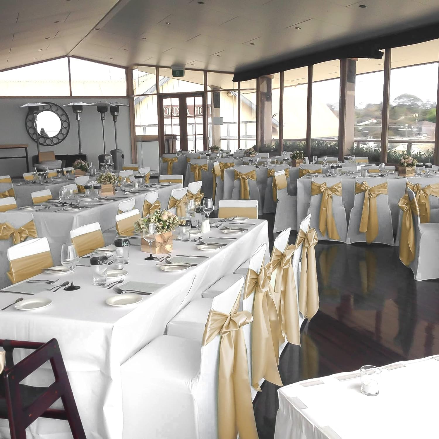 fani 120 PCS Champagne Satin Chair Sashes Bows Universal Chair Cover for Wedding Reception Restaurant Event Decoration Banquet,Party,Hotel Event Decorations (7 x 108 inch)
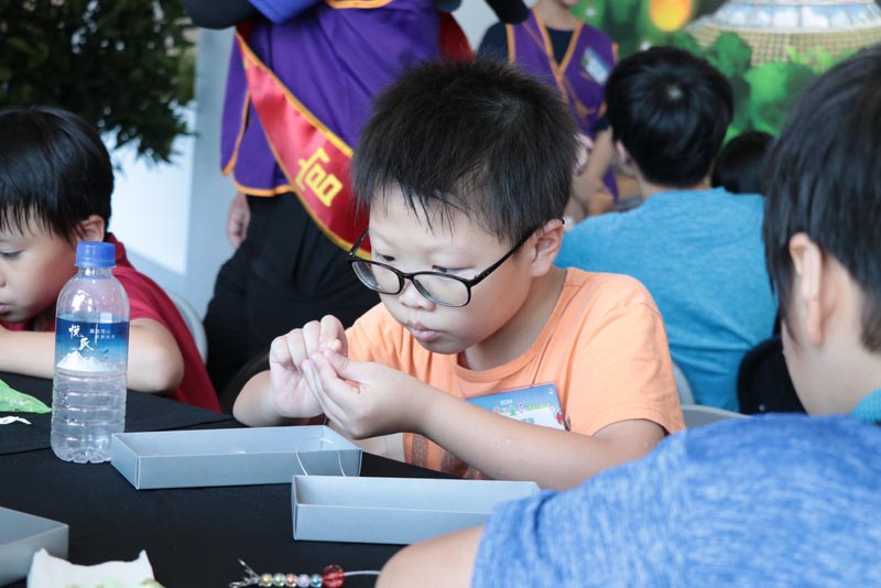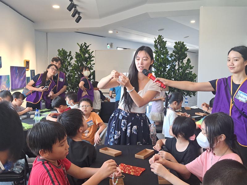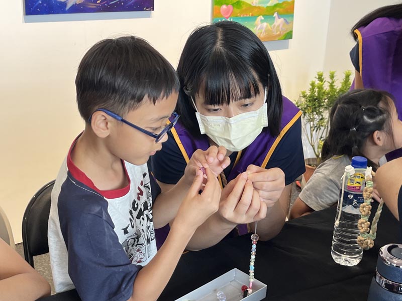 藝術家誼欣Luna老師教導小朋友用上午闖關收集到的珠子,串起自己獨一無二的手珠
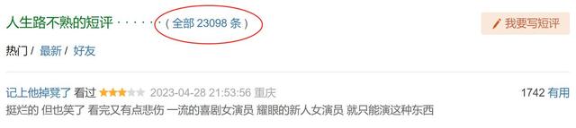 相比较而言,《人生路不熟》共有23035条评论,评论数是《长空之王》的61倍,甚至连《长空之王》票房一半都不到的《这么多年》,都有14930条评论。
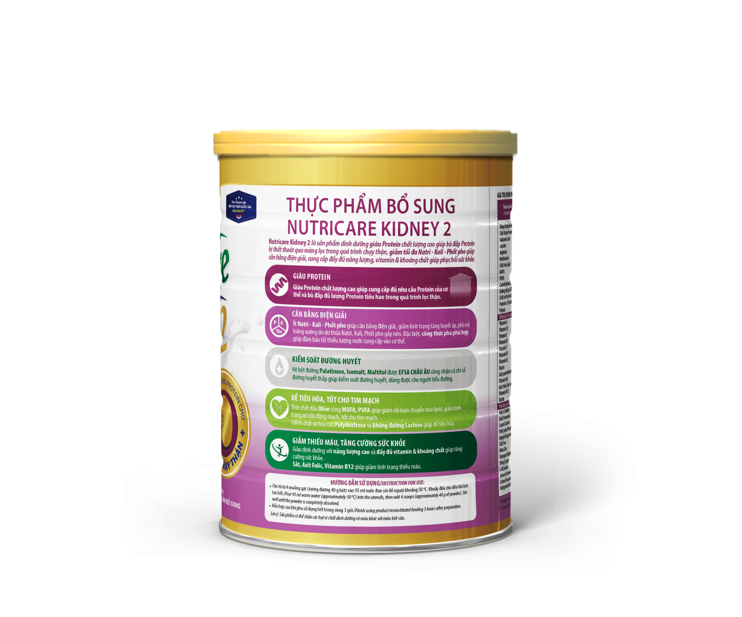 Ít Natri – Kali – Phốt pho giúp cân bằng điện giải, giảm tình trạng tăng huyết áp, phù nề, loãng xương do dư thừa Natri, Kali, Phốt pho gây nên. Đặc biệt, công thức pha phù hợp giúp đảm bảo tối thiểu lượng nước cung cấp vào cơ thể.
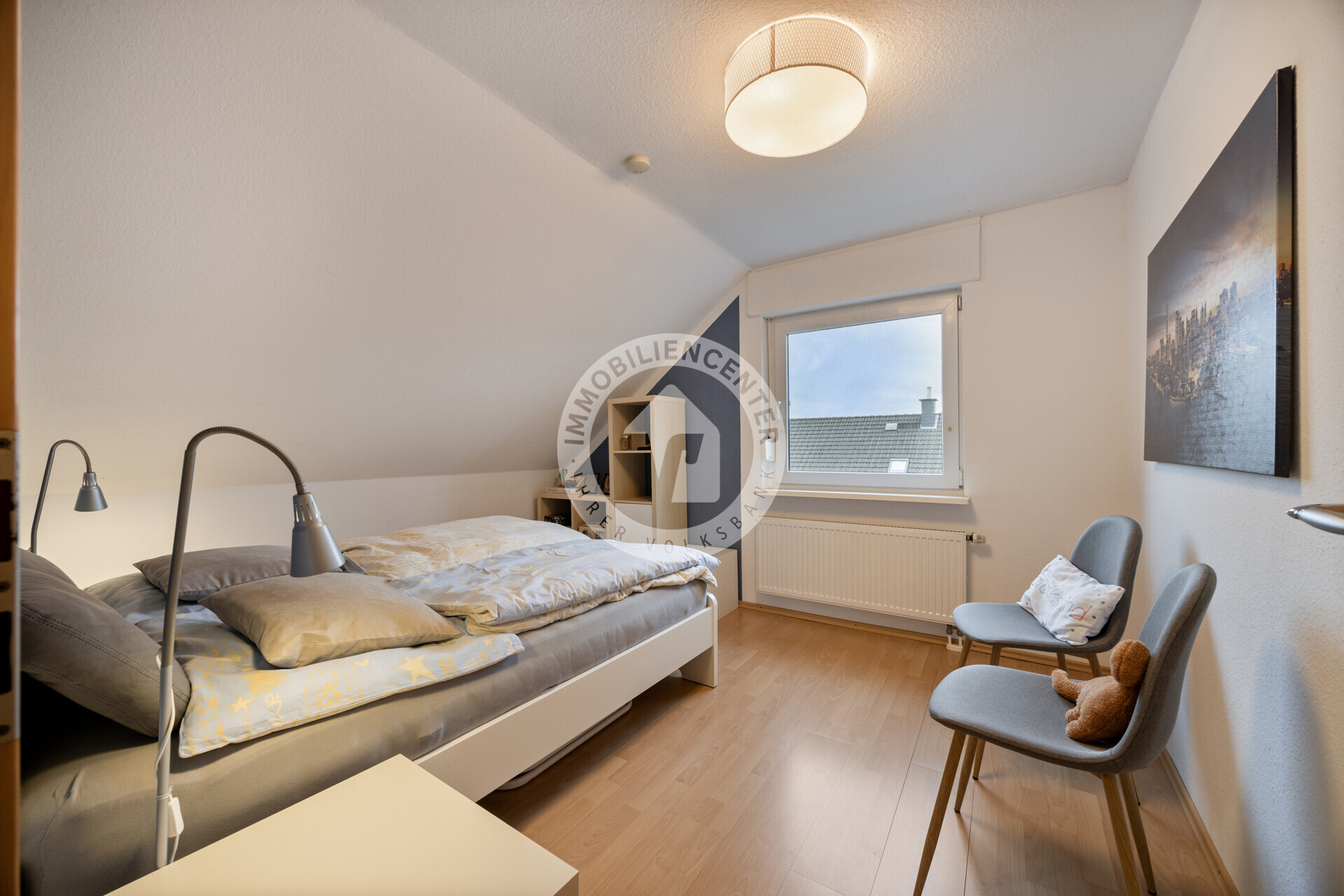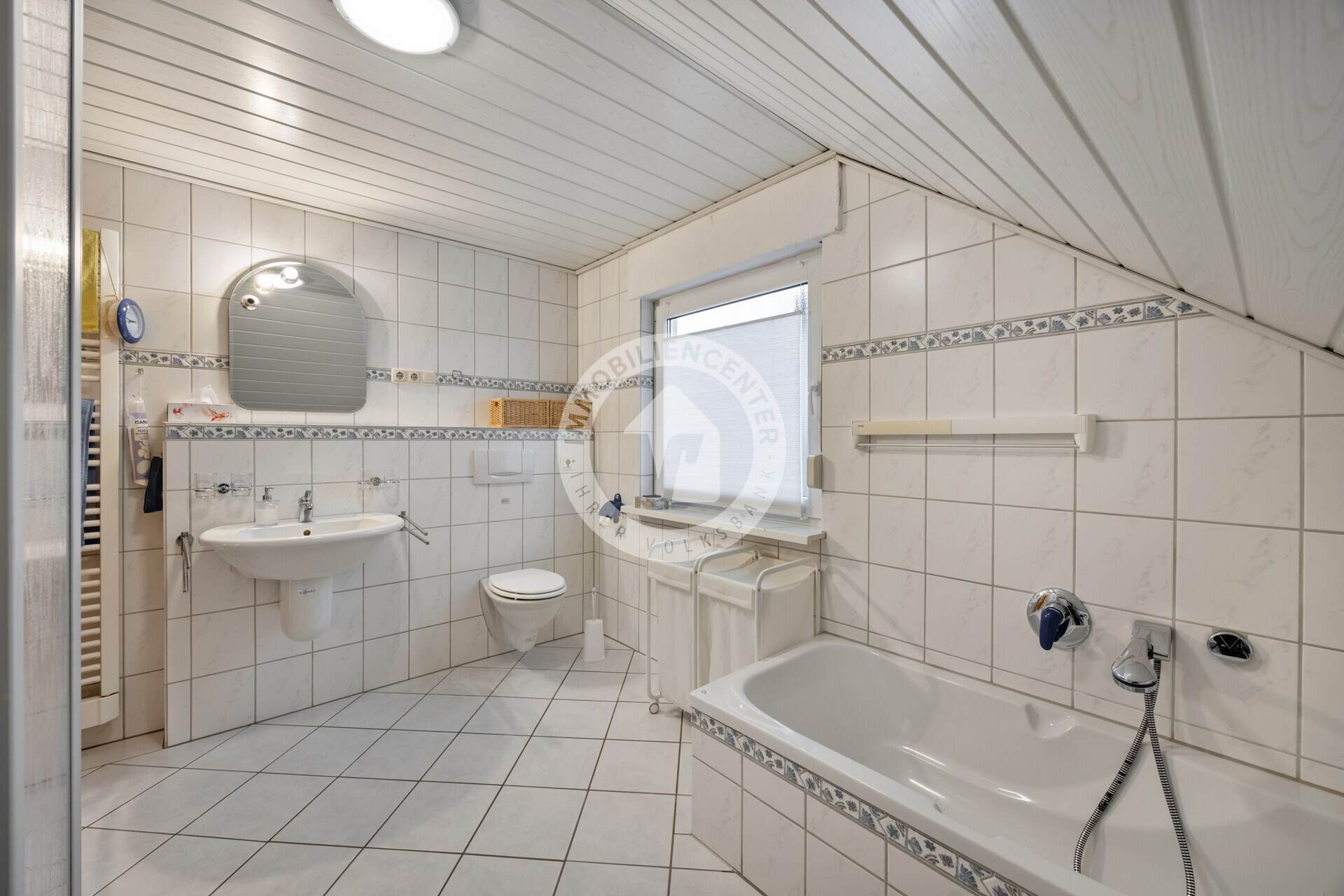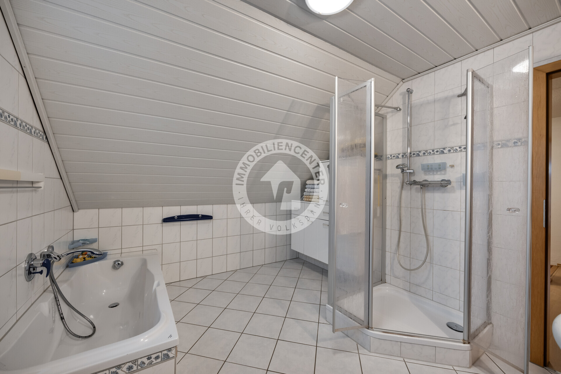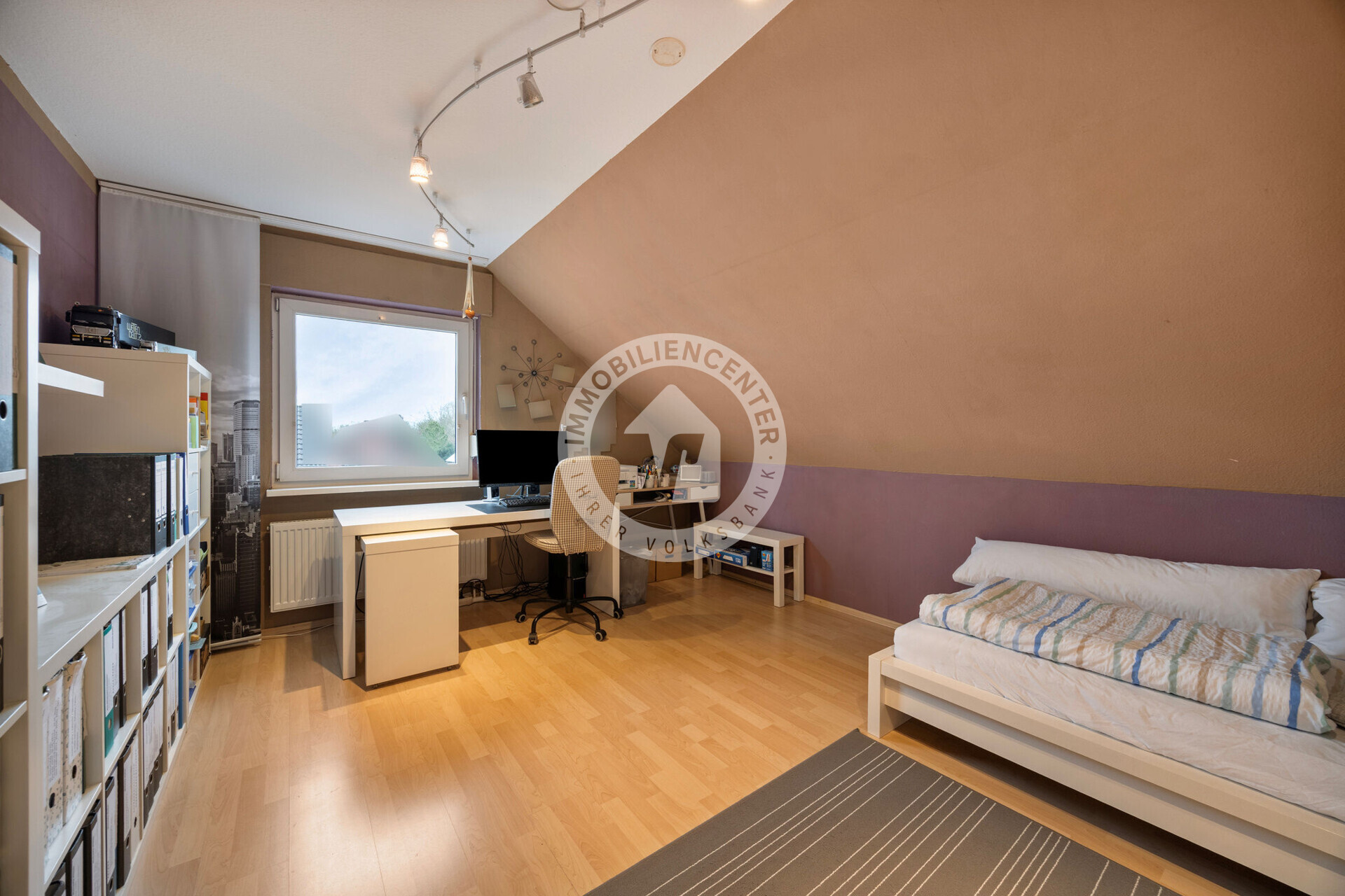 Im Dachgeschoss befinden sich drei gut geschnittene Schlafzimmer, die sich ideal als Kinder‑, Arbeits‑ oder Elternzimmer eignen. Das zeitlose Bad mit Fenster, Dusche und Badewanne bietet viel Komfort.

----

* _Task details_
Pictures are to be left out; otherwise, copy exactly each line from the one containing "相比较而言,《人生路不熟》共" through the last line of the listing.

* _Problem solution_
 相比较而言,《人生路不熟》共有23035条评论,评论数是《长空之王》的61倍,甚至连《长空之王》票房一半都不到的《这么多年》,都有14930条评论。
 Ít Natri – Kali – Phốt pho giúp cân bằng điện giải, giảm tình trạng tăng huyết áp, phù nề, loãng xương do dư thừa Natri, Kali, Phốt pho gây nên. Đặc biệt, công thức pha phù hợp giúp đảm bảo tối thiểu lượng nước cung cấp vào cơ thể.
 Im Dachgeschoss befinden sich drei gut geschnittene Schlafzimmer, die sich ideal als Kinder‑, Arbeits‑ oder Elternzimmer eignen. Das zeitlose Bad mit Fenster, Dusche und Badewanne bietet viel Komfort.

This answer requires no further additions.